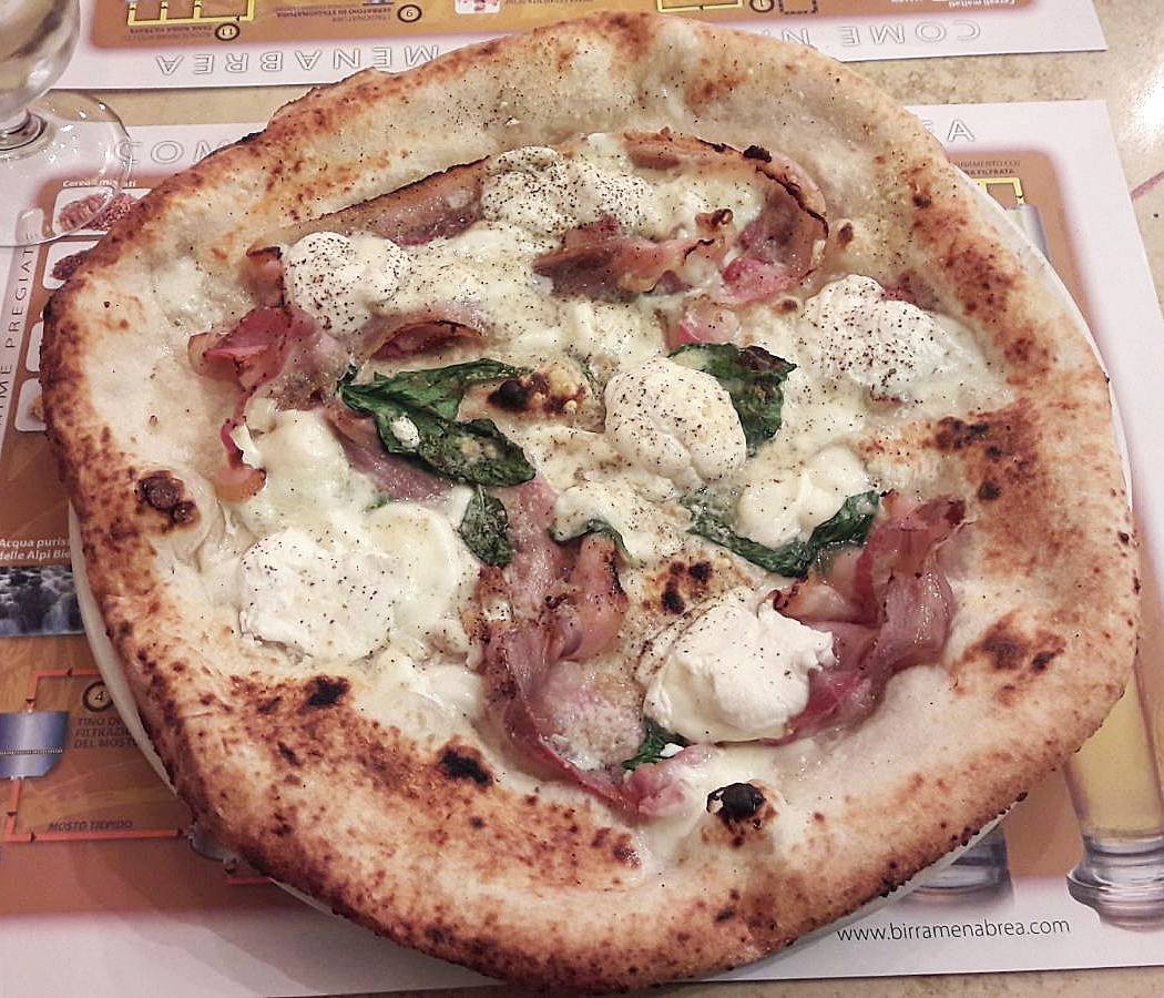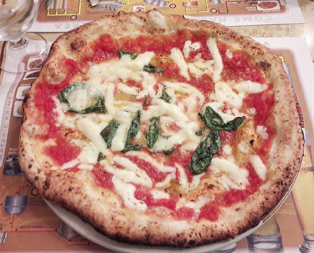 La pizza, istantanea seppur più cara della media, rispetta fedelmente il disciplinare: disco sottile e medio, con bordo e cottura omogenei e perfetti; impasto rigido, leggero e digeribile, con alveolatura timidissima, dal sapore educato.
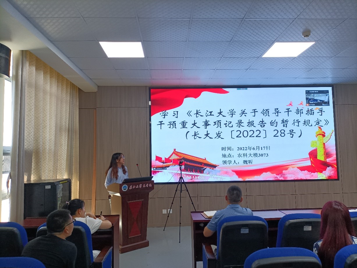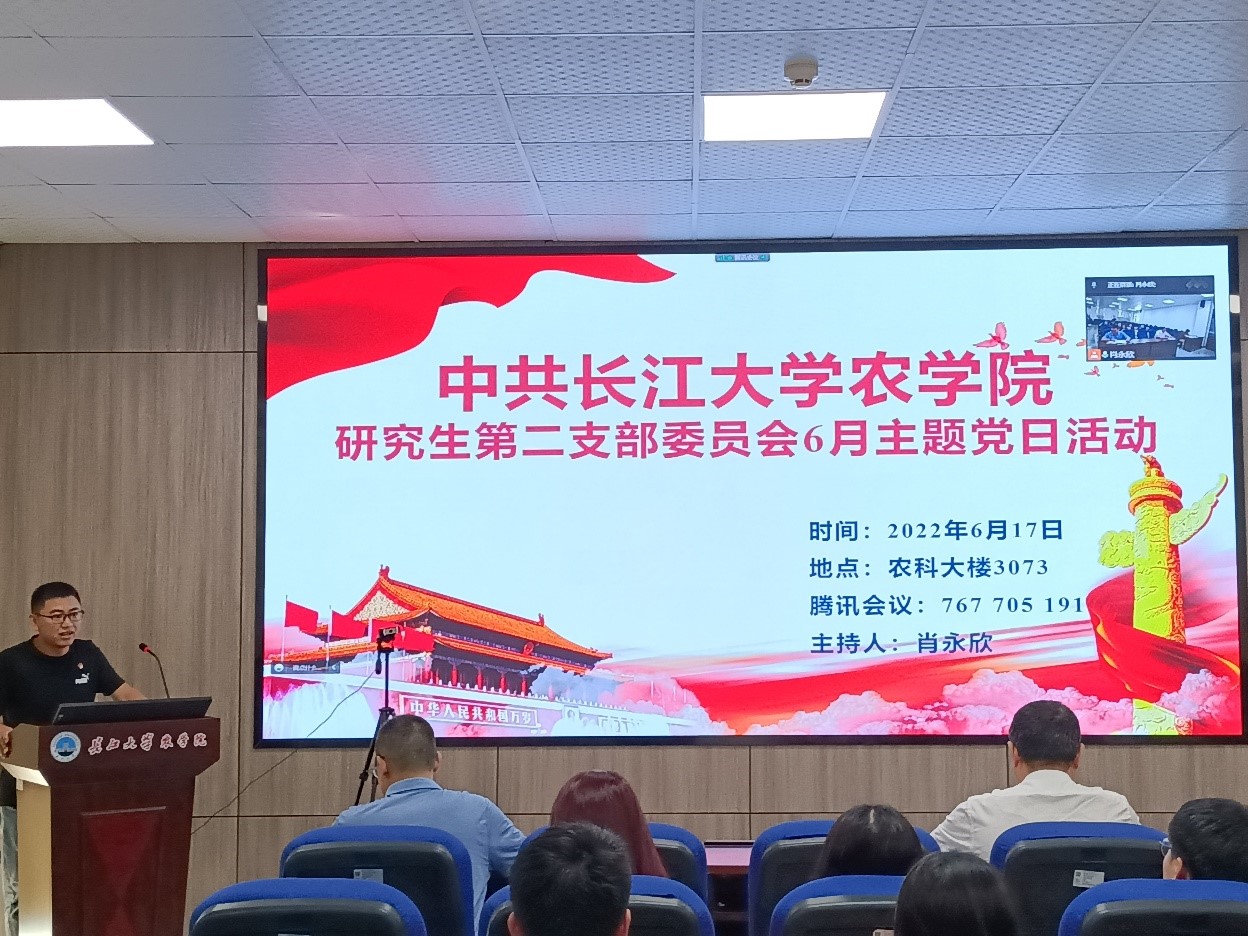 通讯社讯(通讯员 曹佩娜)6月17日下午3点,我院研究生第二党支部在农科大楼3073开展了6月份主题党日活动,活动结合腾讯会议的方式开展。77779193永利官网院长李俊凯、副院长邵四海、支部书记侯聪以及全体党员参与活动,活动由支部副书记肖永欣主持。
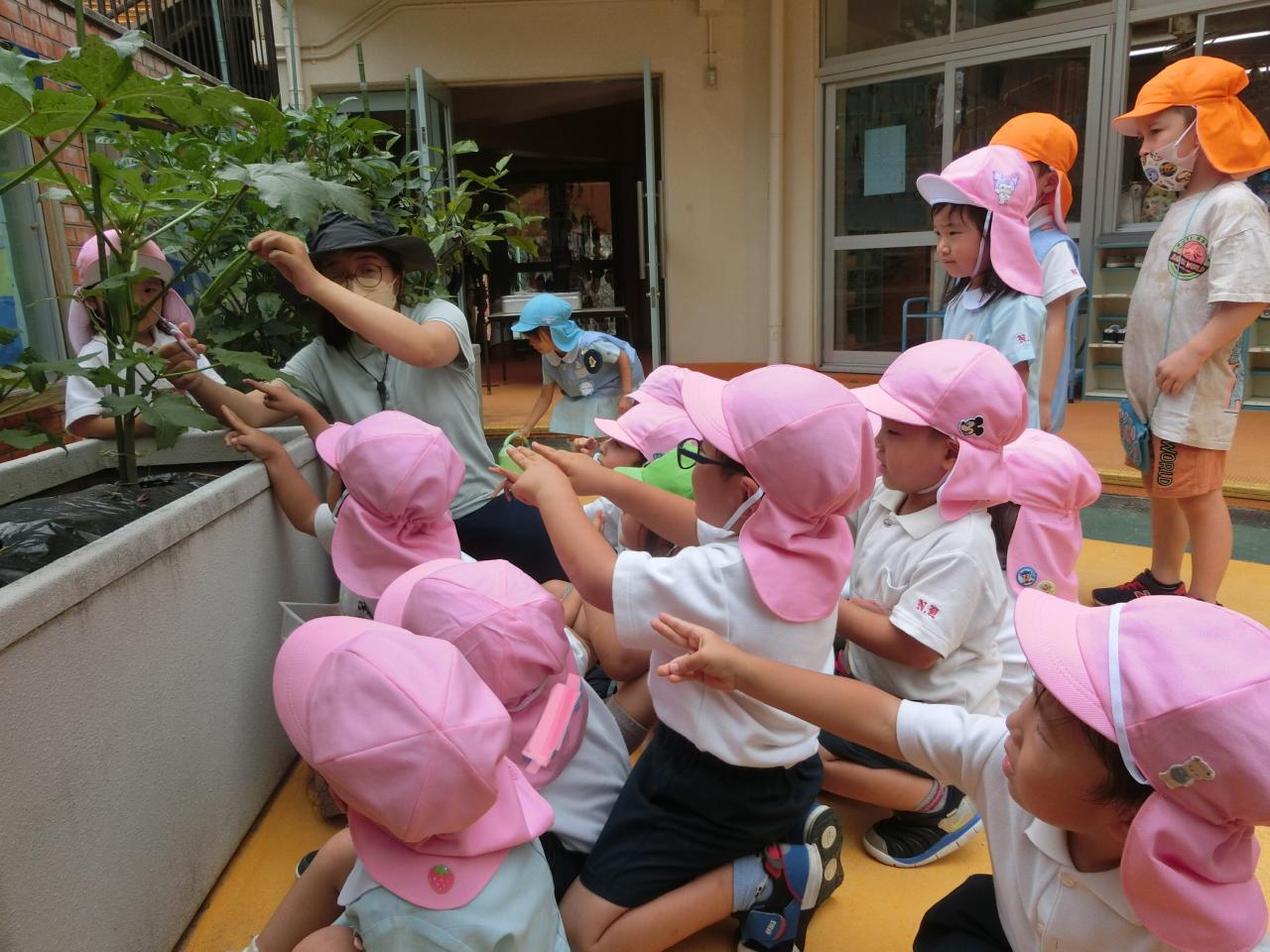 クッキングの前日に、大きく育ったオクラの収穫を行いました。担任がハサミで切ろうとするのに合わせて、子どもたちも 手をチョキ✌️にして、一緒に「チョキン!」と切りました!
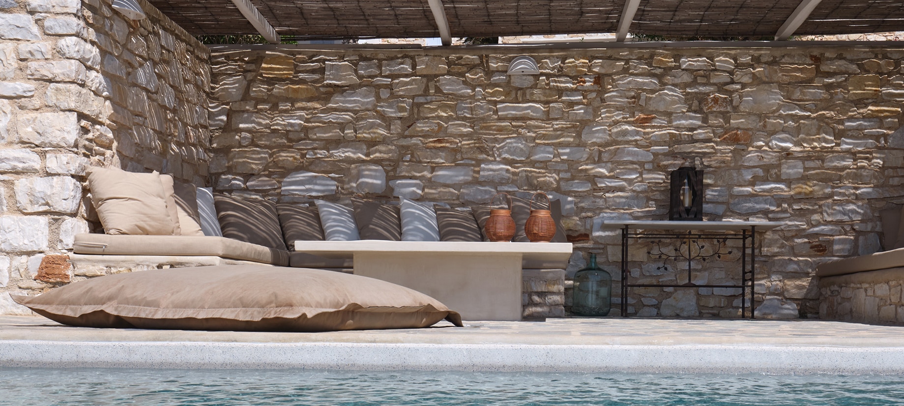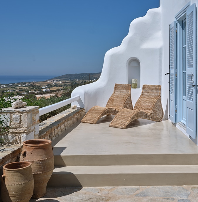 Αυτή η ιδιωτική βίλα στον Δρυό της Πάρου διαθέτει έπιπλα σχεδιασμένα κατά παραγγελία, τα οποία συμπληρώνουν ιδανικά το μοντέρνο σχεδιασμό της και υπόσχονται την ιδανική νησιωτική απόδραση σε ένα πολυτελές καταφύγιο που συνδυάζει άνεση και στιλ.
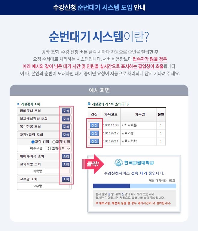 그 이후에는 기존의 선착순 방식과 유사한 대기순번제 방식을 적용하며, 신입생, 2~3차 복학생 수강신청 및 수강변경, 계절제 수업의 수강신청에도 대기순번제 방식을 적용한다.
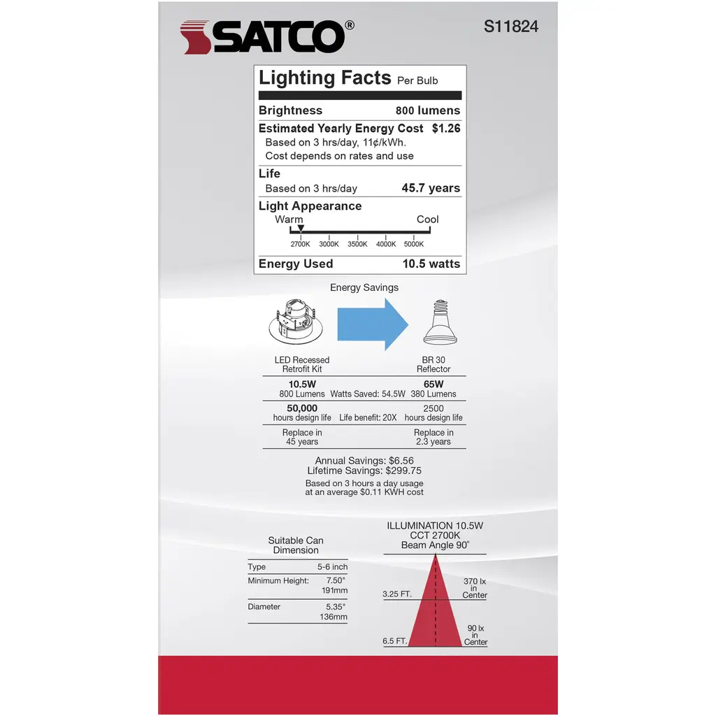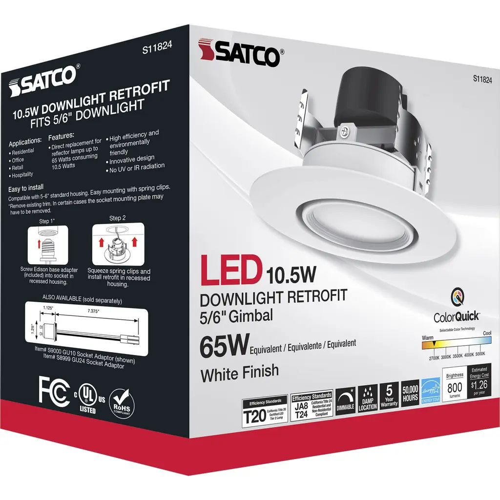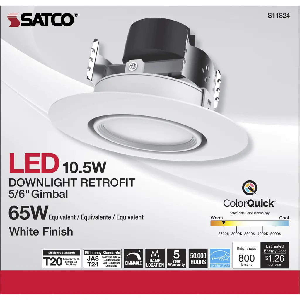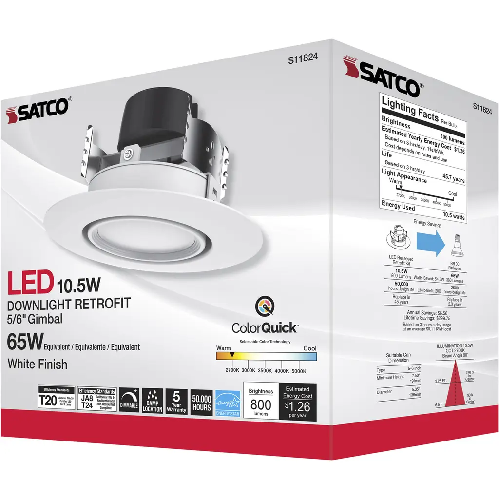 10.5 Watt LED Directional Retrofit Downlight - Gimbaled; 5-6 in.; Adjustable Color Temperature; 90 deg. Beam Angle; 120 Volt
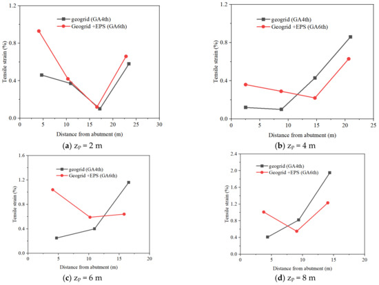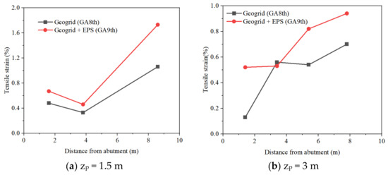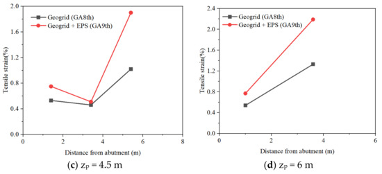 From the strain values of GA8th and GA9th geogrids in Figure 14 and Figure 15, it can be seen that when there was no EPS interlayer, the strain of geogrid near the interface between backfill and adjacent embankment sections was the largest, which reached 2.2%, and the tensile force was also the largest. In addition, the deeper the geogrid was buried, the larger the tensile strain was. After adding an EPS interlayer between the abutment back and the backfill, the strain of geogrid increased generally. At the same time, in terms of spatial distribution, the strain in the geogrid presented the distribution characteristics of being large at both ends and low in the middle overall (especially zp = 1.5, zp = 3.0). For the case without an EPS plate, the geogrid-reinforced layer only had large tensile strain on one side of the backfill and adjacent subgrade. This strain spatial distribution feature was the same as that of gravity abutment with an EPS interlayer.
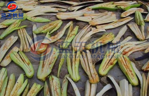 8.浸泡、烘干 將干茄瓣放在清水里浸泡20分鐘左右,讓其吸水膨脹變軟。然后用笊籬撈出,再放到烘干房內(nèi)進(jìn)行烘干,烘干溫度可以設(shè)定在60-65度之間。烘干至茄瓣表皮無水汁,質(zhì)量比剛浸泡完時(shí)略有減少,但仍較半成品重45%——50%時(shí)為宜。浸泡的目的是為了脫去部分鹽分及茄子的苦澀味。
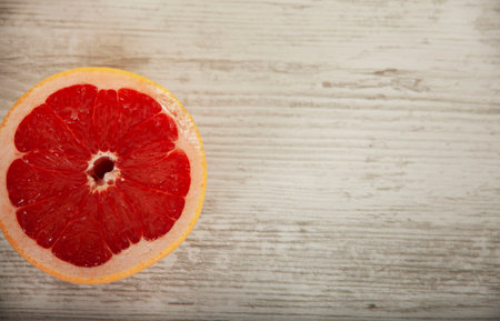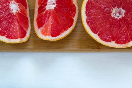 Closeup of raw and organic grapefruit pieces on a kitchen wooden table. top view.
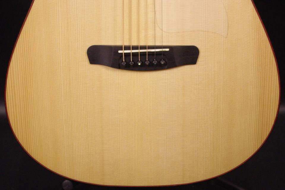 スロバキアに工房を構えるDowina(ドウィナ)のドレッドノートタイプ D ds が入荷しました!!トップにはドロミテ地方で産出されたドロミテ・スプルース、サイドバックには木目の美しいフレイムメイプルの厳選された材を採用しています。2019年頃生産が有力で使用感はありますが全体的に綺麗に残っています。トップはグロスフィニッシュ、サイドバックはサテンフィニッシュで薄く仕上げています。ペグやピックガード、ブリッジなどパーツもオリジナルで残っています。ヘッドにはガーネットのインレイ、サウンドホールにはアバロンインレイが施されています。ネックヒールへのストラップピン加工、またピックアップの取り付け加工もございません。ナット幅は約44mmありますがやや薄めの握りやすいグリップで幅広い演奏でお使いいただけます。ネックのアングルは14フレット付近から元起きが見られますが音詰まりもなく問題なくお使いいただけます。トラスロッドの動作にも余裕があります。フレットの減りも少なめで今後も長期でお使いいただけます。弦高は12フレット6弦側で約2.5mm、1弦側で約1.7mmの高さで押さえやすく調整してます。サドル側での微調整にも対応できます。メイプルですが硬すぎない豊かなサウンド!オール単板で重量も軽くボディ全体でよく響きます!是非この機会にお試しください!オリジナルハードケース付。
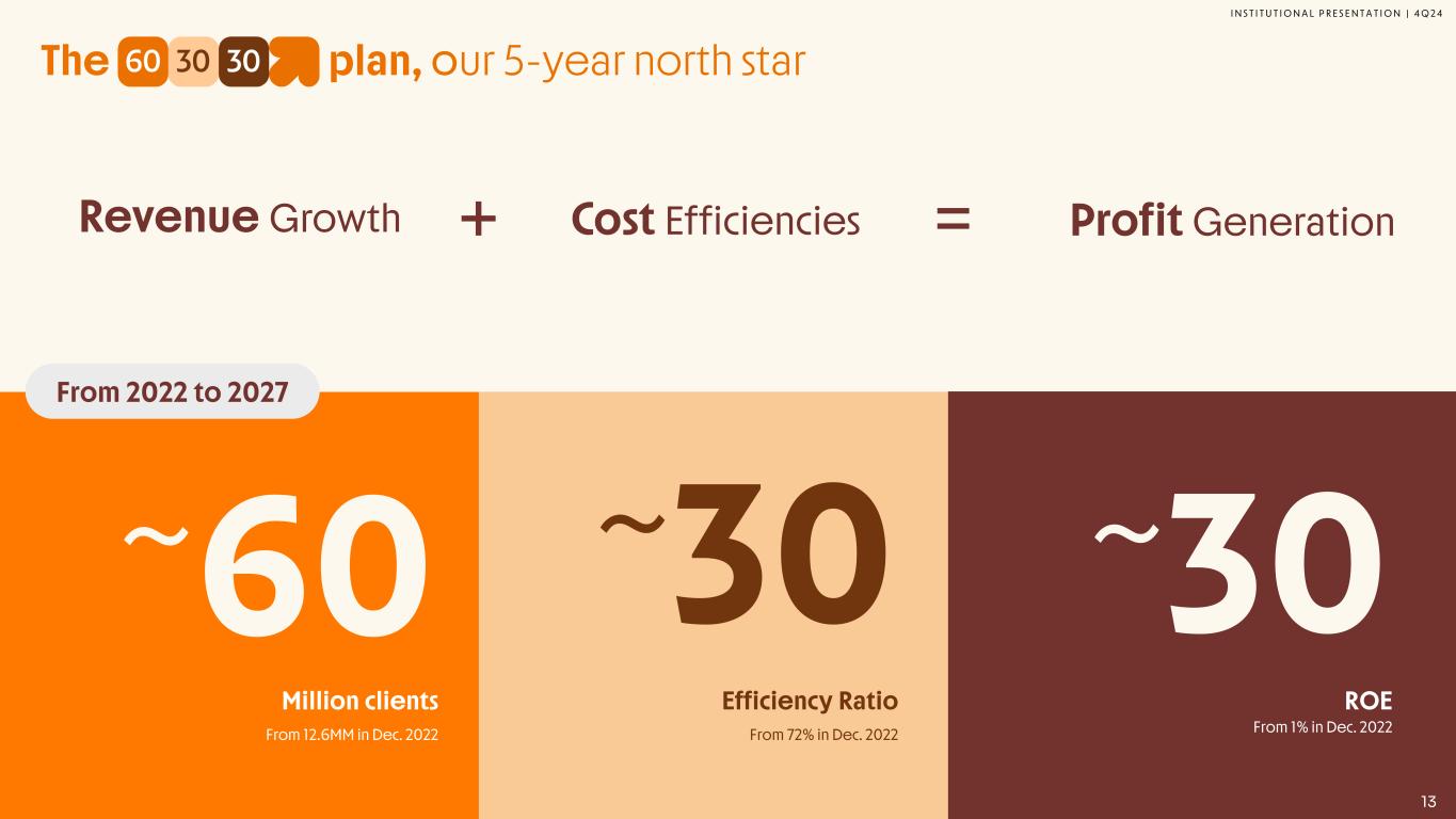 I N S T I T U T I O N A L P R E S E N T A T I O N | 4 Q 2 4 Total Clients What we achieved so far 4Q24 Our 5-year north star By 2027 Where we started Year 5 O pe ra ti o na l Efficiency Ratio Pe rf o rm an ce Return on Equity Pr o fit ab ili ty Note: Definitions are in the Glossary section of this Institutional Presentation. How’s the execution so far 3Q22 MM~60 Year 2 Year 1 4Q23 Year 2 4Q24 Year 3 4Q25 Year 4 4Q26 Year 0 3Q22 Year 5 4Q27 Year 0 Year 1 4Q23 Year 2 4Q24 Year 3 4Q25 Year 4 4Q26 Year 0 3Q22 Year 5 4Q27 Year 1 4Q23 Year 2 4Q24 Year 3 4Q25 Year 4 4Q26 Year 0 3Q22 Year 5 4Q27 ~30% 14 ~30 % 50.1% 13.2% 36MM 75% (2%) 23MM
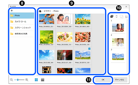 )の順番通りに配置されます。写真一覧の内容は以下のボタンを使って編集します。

--*--

TASK BRIEF
Go back to the lines above and output, exactly as they stand, the ones from the line containing "8.浸泡、烘干 將干茄瓣放在" to the line containing "Closeup of raw". Leave all pictures behind.

EXERCISE RESPONSE
 8.浸泡、烘干 將干茄瓣放在清水里浸泡20分鐘左右,讓其吸水膨脹變軟。然后用笊籬撈出,再放到烘干房內(nèi)進(jìn)行烘干,烘干溫度可以設(shè)定在60-65度之間。烘干至茄瓣表皮無水汁,質(zhì)量比剛浸泡完時(shí)略有減少,但仍較半成品重45%——50%時(shí)為宜。浸泡的目的是為了脫去部分鹽分及茄子的苦澀味。
 Closeup of raw and organic grapefruit pieces on a kitchen wooden table. top view.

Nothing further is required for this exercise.